Nitride formation and carburization reactions do not noticeably change the meso and macroporous volume (dP>10 nm) of the precursor oxide.

The specific areas of the carburization products, determined after passivation and slow oxidation of the surface, are compatible with those found in the literature for materials prepared with 80% CH4 in an H2 mixture (v/v) [Ribeiro et al., 1991 and Iglesia et al., 1992], which is an indirect measurement of the existence of micropores and mesopores.

Tests dealing with the mechanical strength response to compressive loads showed that the tungsten carbide obtained by direct carburization of the oxide (WC-d) possessed much less mechanical strength than that obtained via nitride, discouraging its use in microthrusters. Mechanical strength is probably not affected by nitride formation, but it decreases during carburization.

The results of the elementary analysis shown in Table 2 point out that the WC-vn composition is in fact WC0.68N0.05O0.63, while that corresponding to W2C-vn is actually W2C0.65N0.31O1.37.

These results may indicate that carburization was incomplete in the case of WC-vn. Beacuse nitrogen removal was nearly complete, one can suspect that the high oxygen content in this material is due principally to the precursor oxide in the crystalline lattice, with the oxygen introduced by surface oxidation being responsible for a small fraction of it, as was seen by the low oxygen consumption during this last treatment. The X-ray diffraction results for the W2C-vn correspond to the b-W2N phase. This is confirmed by the high level of nitrogen present after the carburization step. Hence, the carbon present in the chemical composition may be assumed to be a polymeric carbon layer covering the surface. In fact, reduction treatments under different conditions of temperature and time showed that the complete removal of this carbon layer is not an easy operation.

Ribeiro et al. (1991) and Iglesia et al. (1992) prepared WC, first starting with WO3 and then W2C, starting with b-W2N with a carburizing mixture of CH4 and H2. Those authors also detected the presence of polymeric carbon on the surface of the catalyst as well as the existence of residual oxygen due to incomplete reduction of the precursor oxide.

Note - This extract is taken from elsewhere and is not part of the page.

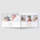For an elegant baptism, gender neutral. A chic white background. Personalise and add 3 vertical sized photo on the front, the name of the child and the date of the baptism. Black and golden letters.
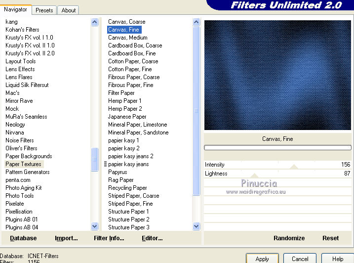 4. Effects>Plugins>Filters Unlimited 2.0 - Paper Textures - Canvas Fine, default settings.

Table 3 shows the results of three composition analyses, in percentage per element, obtained by Energy Dispersive X-ray (EDX) microanalysis for each material, while the corresponding figure (Fig. 2) shows the location of the points of analysis for the extruded and sliced samples of WC-vn and W2C-vn.

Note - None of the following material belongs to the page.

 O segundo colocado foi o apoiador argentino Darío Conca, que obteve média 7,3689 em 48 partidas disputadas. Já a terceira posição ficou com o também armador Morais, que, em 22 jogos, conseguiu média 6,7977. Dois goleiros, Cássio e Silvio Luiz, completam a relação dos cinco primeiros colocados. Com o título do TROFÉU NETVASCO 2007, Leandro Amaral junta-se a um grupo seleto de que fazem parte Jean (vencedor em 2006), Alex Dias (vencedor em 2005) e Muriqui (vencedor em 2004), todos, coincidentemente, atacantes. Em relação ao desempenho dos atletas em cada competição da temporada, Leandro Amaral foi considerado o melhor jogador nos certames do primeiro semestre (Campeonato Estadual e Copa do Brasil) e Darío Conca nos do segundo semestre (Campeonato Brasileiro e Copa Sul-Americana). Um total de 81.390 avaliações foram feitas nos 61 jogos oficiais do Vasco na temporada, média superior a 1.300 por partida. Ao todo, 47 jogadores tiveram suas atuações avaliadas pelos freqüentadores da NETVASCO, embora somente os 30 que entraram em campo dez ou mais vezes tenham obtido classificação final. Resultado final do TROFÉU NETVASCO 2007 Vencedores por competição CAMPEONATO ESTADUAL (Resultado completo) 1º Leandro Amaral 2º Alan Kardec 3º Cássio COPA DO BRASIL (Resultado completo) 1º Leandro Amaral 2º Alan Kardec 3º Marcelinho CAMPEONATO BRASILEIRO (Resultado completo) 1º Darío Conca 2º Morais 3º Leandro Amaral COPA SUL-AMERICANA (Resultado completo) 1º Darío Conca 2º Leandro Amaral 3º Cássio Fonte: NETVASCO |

Upon examining Table 3 one can verify that, for both samples studied, there was an accentuated decrease in the percentage of carbon atoms from the rim to the center of the extruded specimen. This result suggests that the materials have a heterogeneous composition as a function of the location of the points examined. This is an indication of a greater difficulty in carburization as one goes from the rim to the center of the extruded specimen, certainly owing to diffusion problems. These problems are probably due to the excessive use of a carburizing mixture rich in methane (80% CH4 in H2). The decrease in this percentage of carbon from the rim to the center of the extruded specimen, verified in all the samples examined, is a confirmation of the difficulty in substituting the nitrogen and also the oxygen in the lattice by the carbon, certainly caused by diffusion problems, suggesting that the conditions of carburization must be studied in greater depth.

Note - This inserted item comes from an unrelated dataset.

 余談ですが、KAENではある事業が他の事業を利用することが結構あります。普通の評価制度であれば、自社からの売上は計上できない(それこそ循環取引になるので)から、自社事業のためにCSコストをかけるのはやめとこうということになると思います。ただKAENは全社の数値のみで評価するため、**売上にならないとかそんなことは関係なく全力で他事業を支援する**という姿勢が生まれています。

An identical examination of the results corresponding to the percentage of oxygen atoms indicates that this parameter remains nearly constant, regardless of the position of the microanalysis points (microprobe), which could confirm the hypothesis that a reasonable amount of this oxygen coming from the precursor oxide is still part of the crystalline structure of the studied materials.

The EDX results of punctual analyses (shown in Fig. 2) did not offer evidence of the presence of nitrogen, unlike the results obtained by chemical analyses. According to chemical analysis the composition of WC-vn was WC0.68N0.05O0.63. This is acceptable, given the low level of nitrogen in the samples, which is probably under the EDX detection limit.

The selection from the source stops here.